_Task item:_
Reproduce the lines below exactly. Begin with the first, end with the line containing "Coast Guard rating", and leave out the pictures.

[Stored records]
________________
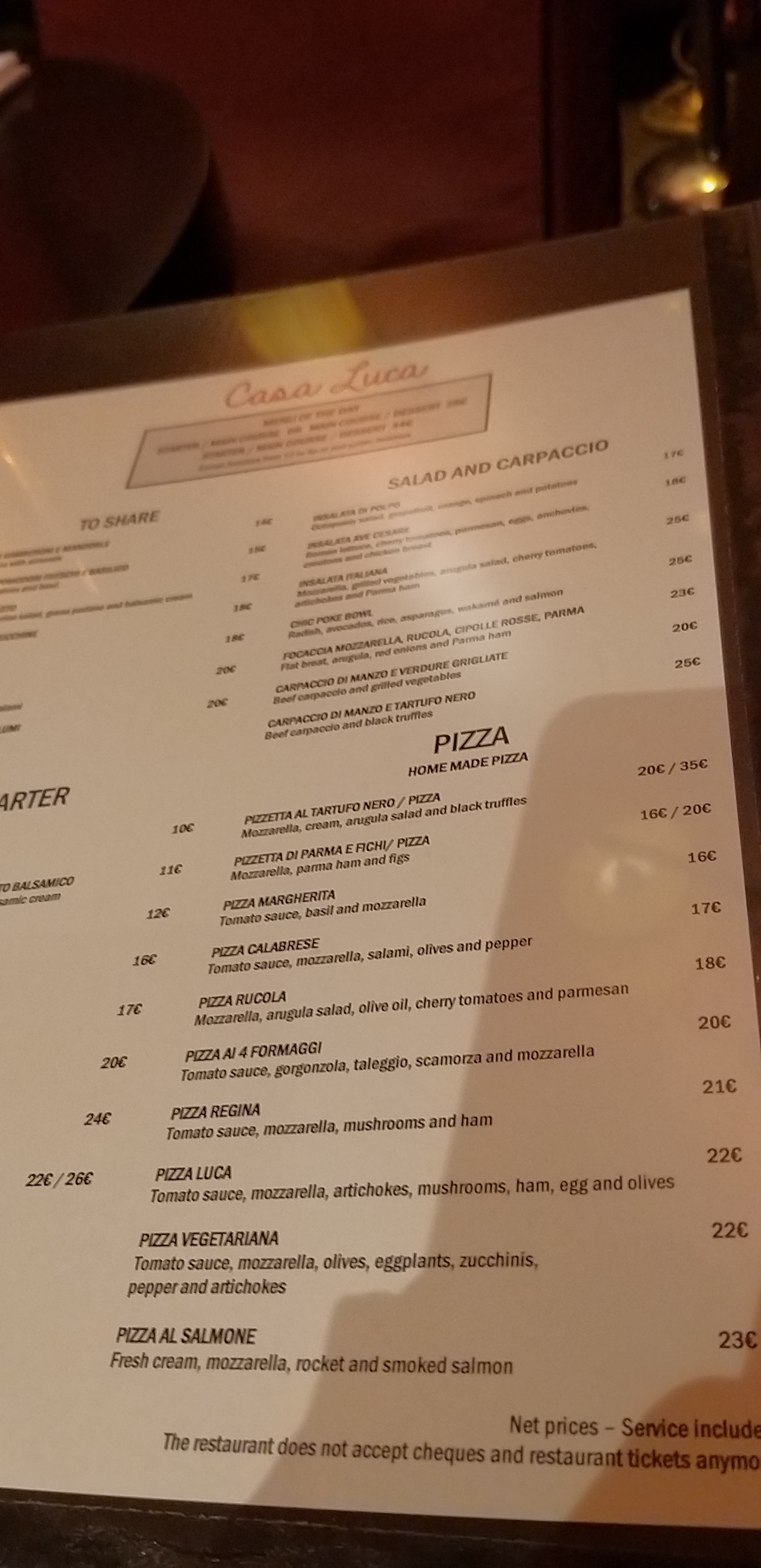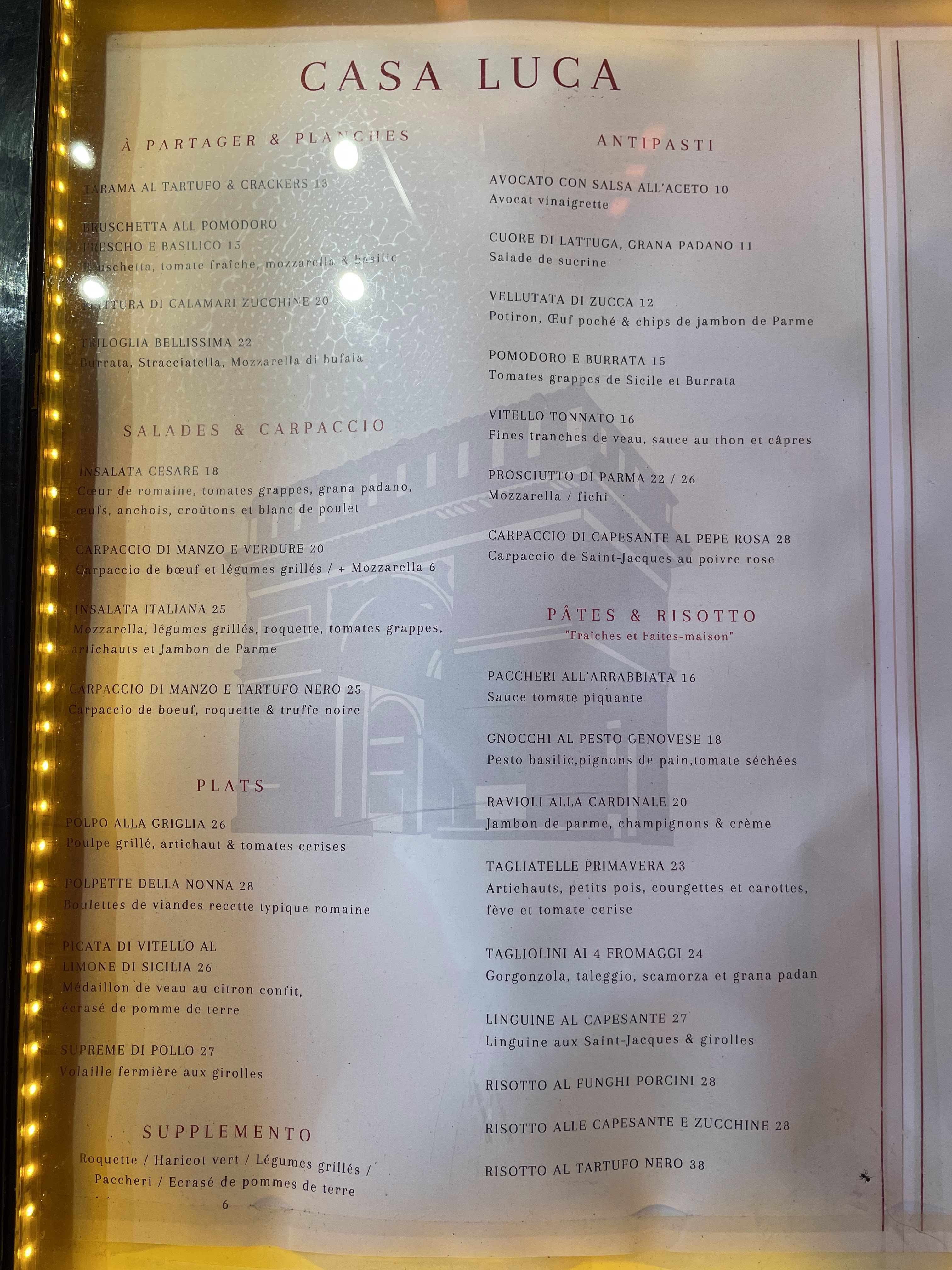 Casa Luca Restaurant italien à Paris près de l'Arc de Triomphe de l'Étoile. La pizza est tellement délicieuse. Les décorations de couleur rouge avec des lumières jaunes sont si belles la nuit. J'ai adoré un pot d'eau.
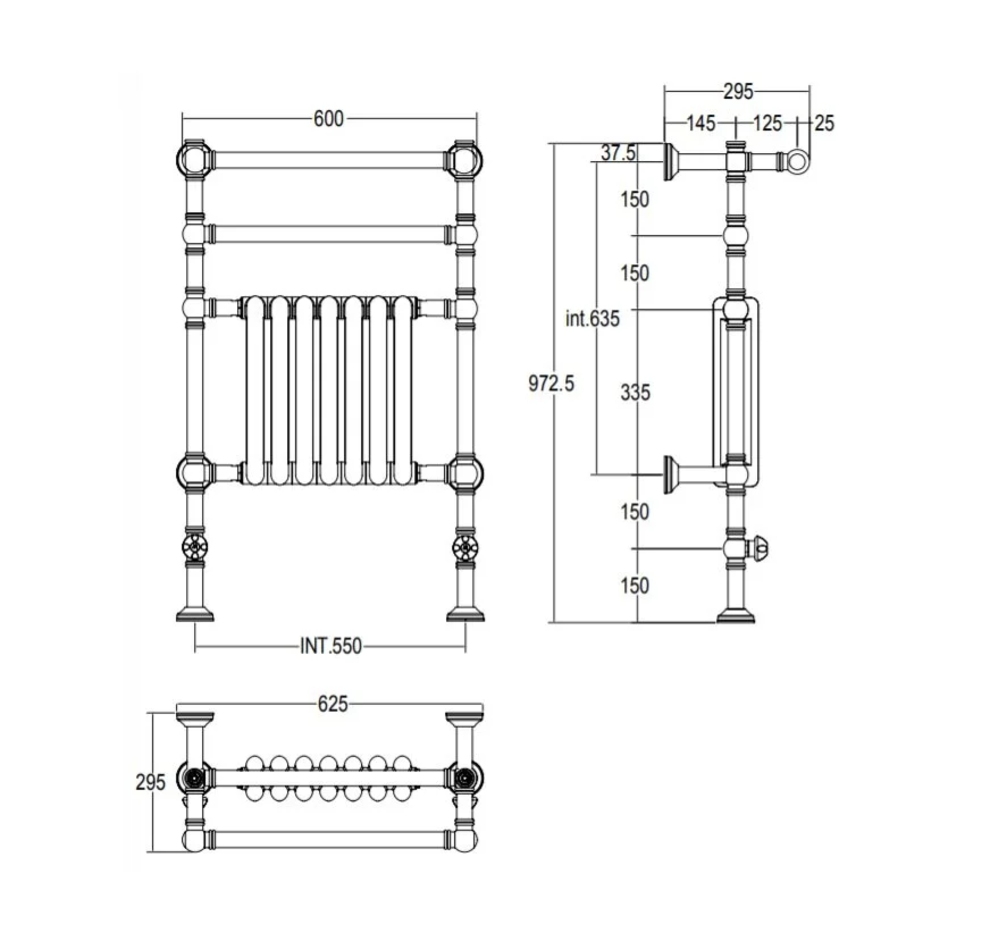 Полотенцесушитель с радиатором Margaroli Armonia 9-204 9204SNRAL, высота 97.3 см, ширина 62.5 см, сатин никель, радиатор черный
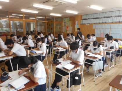 9月3日(金) 3年生の授業の様子です。 数学では、2次方程式の応用問題に取り組みました。
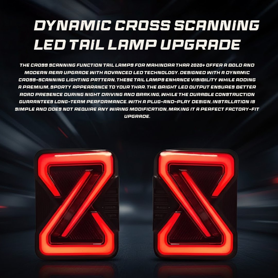 Upgrade your Mahindra Thar 2020+ with Cross Scanning Function Tail Lamps, designed for enhanced style and safety. These advanced LED tail lamps offer superior visibility and durability, making them a must-have upgrade for your vehicle.
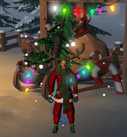 Runescape character in a reindeer hat and Santa outfit performs a festive Christmas emote in a snowy scene.
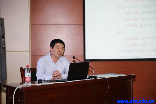 会上,学院副院长陈行为全院辅导员(班主任)作了题为“公文写作的认识与体会”的报告。报告分四个部分:一是为什么要写好公文;二是常用的公文有哪些;三是公文写作的基本规律;四是公文写作的几点体会。在报告中,陈行结合自己的工作经历,列举了大量公文写作的案例,旁征博引,语言生动。特别是消息、总结、领导讲话稿和汇报材料等常用公文写作要领的讲述,让与会人员受益匪浅。整个报告既有高度的理论概括,又有具体的实践指导,具有很强的说服力和感染力,深受与会人员的欢迎。
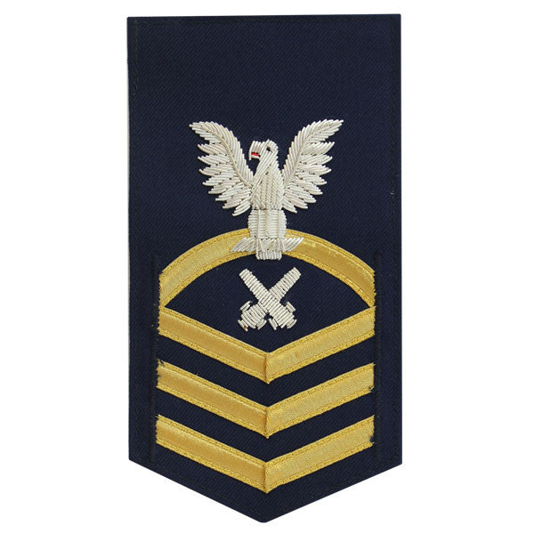 Coast Guard rating badge E-7 Vanfine bullion eagle and shield with gold lace chevrons on blue - individually priced. Please allow 2-4 weeks for delivery.
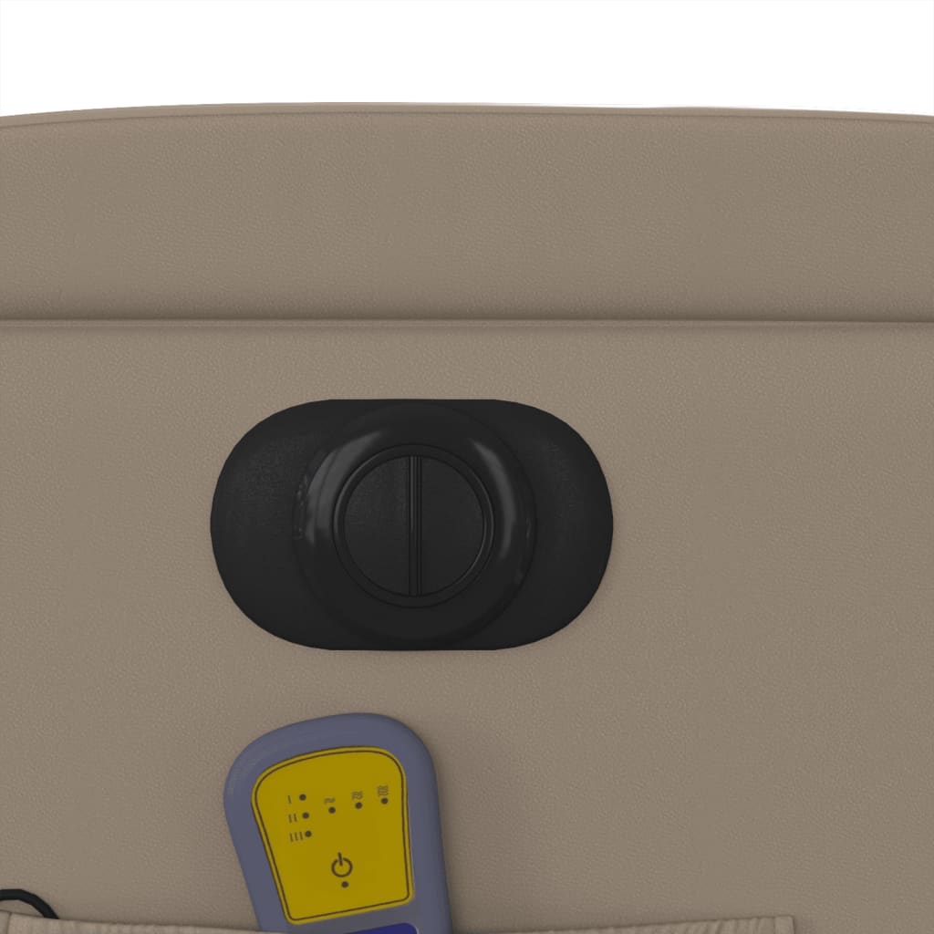 Lehne dich zurück und entspanne dich in diesem äußerst bequemen Massagesessel! Elektrische Liegefunktion: Dieser Relaxsessel ist mit einem Elektromotor ausgestattet, der Fußstütze und Rückenlehne durch einfaches Drücken des seitlichen Knopfes automatisch in jede gewünschte Position bringt. Diese Funktion ermöglicht eine maximale Neigung von 135 Grad. Darüber hinaus lässt sich die Rückenlehne auf Knopfdruck automatisch in die ursprünglichen Position zurückbringen.Vibrationsfunktion: Dank der 6 Massagepunkte genießt du eine gezielte Massage. Zudem lassen sich verschiedene Massageprogramme über die mitgelieferte Handsteuerung auswählen. Die Massagefunktion wird über den USB-Anschluss betrieben, der eine zertifizierte 5-V-USB-Stromquelle erfordert (nicht im Lieferumfang enthalten).Bequemes Sitzerlebnis: Die dick gepolsterte Sitzfläche, die Rückenlehne und die breiten, mit Kunstleder bezogenen Armlehnen sorgen für ein behagliches und angenehmes Sitzgefühl. Kunstleder ist ein äußerst langlebiges Material. Es ist schmutzabweisend und lässt sich mit einem feuchten Tuch einfach reinigen. Durch die glatte Oberfläche weist es die luxuriöse Schönheit von Echtleder auf.Praktische Getränkehalter und Seitentasche: Dieser Sessel verfügt über zwei praktische Getränkehalter und eine Seitentasche, in der du deine Fernbedienung oder andere wichtige Sachen griffbereit aufbewahren kannst.Solider und stabiler Rahmen: Der Rahmen aus Holz und Metall sorgt für eine solide Struktur und hohe Stabilität. Dieser TV-Sessel ist bequem und langlebig.
________________
_Output of the task:_
 Casa Luca Restaurant italien à Paris près de l'Arc de Triomphe de l'Étoile. La pizza est tellement délicieuse. Les décorations de couleur rouge avec des lumières jaunes sont si belles la nuit. J'ai adoré un pot d'eau.
 Полотенцесушитель с радиатором Margaroli Armonia 9-204 9204SNRAL, высота 97.3 см, ширина 62.5 см, сатин никель, радиатор черный
 9月3日(金) 3年生の授業の様子です。 数学では、2次方程式の応用問題に取り組みました。
 Upgrade your Mahindra Thar 2020+ with Cross Scanning Function Tail Lamps, designed for enhanced style and safety. These advanced LED tail lamps offer superior visibility and durability, making them a must-have upgrade for your vehicle.
 Runescape character in a reindeer hat and Santa outfit performs a festive Christmas emote in a snowy scene.
 会上,学院副院长陈行为全院辅导员(班主任)作了题为“公文写作的认识与体会”的报告。报告分四个部分:一是为什么要写好公文;二是常用的公文有哪些;三是公文写作的基本规律;四是公文写作的几点体会。在报告中,陈行结合自己的工作经历,列举了大量公文写作的案例,旁征博引,语言生动。特别是消息、总结、领导讲话稿和汇报材料等常用公文写作要领的讲述,让与会人员受益匪浅。整个报告既有高度的理论概括,又有具体的实践指导,具有很强的说服力和感染力,深受与会人员的欢迎。
 Coast Guard rating badge E-7 Vanfine bullion eagle and shield with gold lace chevrons on blue - individually priced. Please allow 2-4 weeks for delivery.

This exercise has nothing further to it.